Mettre à bas la ploutocratie, restaurer la démocratie.Voila l’urgence monsieur le futur Président de la République.

4 commentaires:

Padrig a dit…

La France est-elle réellement "en" démocratie, son système de gouvernement est-il encore "la" république?

Je maintiens: il faut relire encore "la République" de Platon et particulièrement ce qu'il dit de l'Etat ; De ce qu'il dit encore sur les valeurs morales de celui qui est chargé par les citoyens de conduire les affaires de la Cité.

Je maintiens encore que ces valeurs se retrouvent dans l'esprit des rédacteurs de la Constitution de la Vème République et particulièrement de son initiateur.

Les troubles de plus en plus fréquents que nous rencontrons sont dus à la négation de ces principes fondamentaux.

Comme "Rome n'est plus dans Rome", parce que nous avons eu le tort de confier le destin du « Cher et Vieux Pays » à des personnages dont les fins sont obscures, nous subissons chaque jour qui passe les affres de la décadence dont la sauvagerie de Montauban puis de Toulouse en sont les derniers avatars.

Si le Pays ne sombre pas dans un « indicible chaos » , c’est parce qu’il existe encore dans nos campagnes, et dans nos villes des éléments sains qui sont attachés à la civilisation française et à ses principes qui existent depuis 2500 ans…

Les ferments de la dislocation de la France sont présents, sous la forme de la ploutocratie qui s’appuie sur le poids grandissant des métèques.

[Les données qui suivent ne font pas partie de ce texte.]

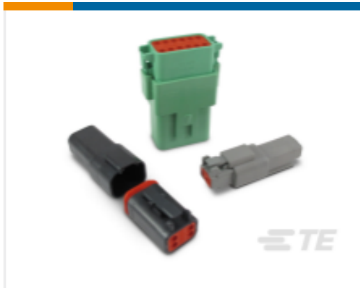
TE Part #DT04-2P DEUTSCH DT Series Housings & Connectors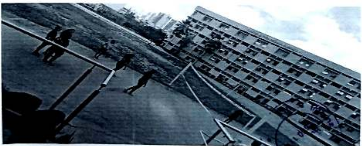
Pic-7 Students playing volleyball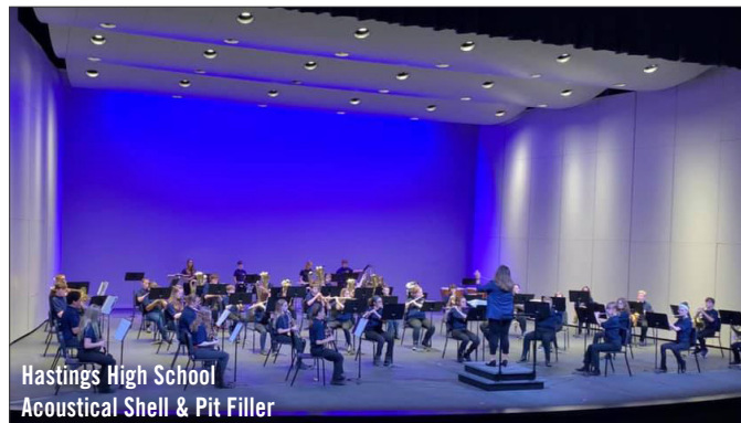
Hastings High School Acoustical Shell & Pit Filler

C’est ainsi que la République Athénienne est tombée, c’est ainsi que Rome a sombré sous les coups des envahisseurs parce que la Cité n’avait plus ni le courage (« Dis-moi Lakès : « Qu’est ce que le courage ?) , ni les moyens de se défendre, entrant ainsi dans les temps sombres. Mais pour autant ? Tout est-il perdu ?

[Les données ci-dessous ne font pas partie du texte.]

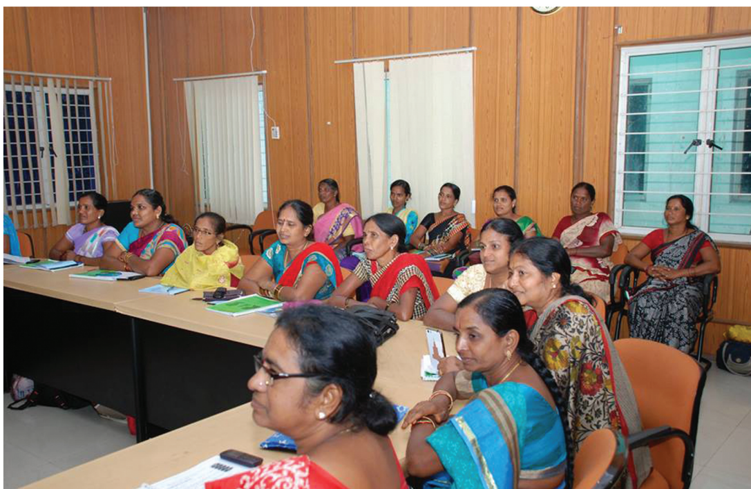
Participants attended for the Training on Prevention of Sexual Harassment on Women at Work Place

Ici Radio Kerhostin a dit…

Je reçois le mot "métèque" dans sa signification "Athénienne" compte tenu du contexte dans lequel il est exprimé et non pas sa connotation raciste actuelle.(Dans la Grèce antique, le terme de métèque désigne l'étranger domicilié dans une cité autre que celle dont il est originaire). Il n'y a donc là aucune connotation péjorative, au contraire de son usage contemporain en français, ceci étant écrit pour d'éventuels commentaires relevant l'emploi de ce mot.

"Pour autant..." Non, rien n'est perdu et surtout pas l'espoir !

Padrig a dit…

Oui, vous faites bien de le préciser car avec la perversion de la sémantique telle qu'elle est pratiquée maintenant, on peut s'attendre à des remarques "tordues" de la part de gens très mal intentionnées! (*)

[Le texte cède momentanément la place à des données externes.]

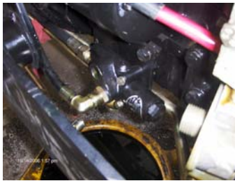
Take out banjo fitting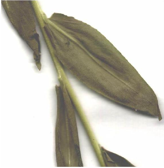
Figure 1. Detail of middle leaves (Costache 2005).

C'est sans doute à cause de la disparition des "Humanités" que cette perversion de la langue que des jours bien sombre s'annoncent. sans doute encore un des méfaits des ploutocrates?

* : ce que j'ai ressenti au travers de "posts" impubliables sur mon propre blog que je suspends pour un moment.

Ici Radio Kerhostin a dit…

Je déplore cette mise en sommeil de @quiberon que j'espère aussi courte que possible.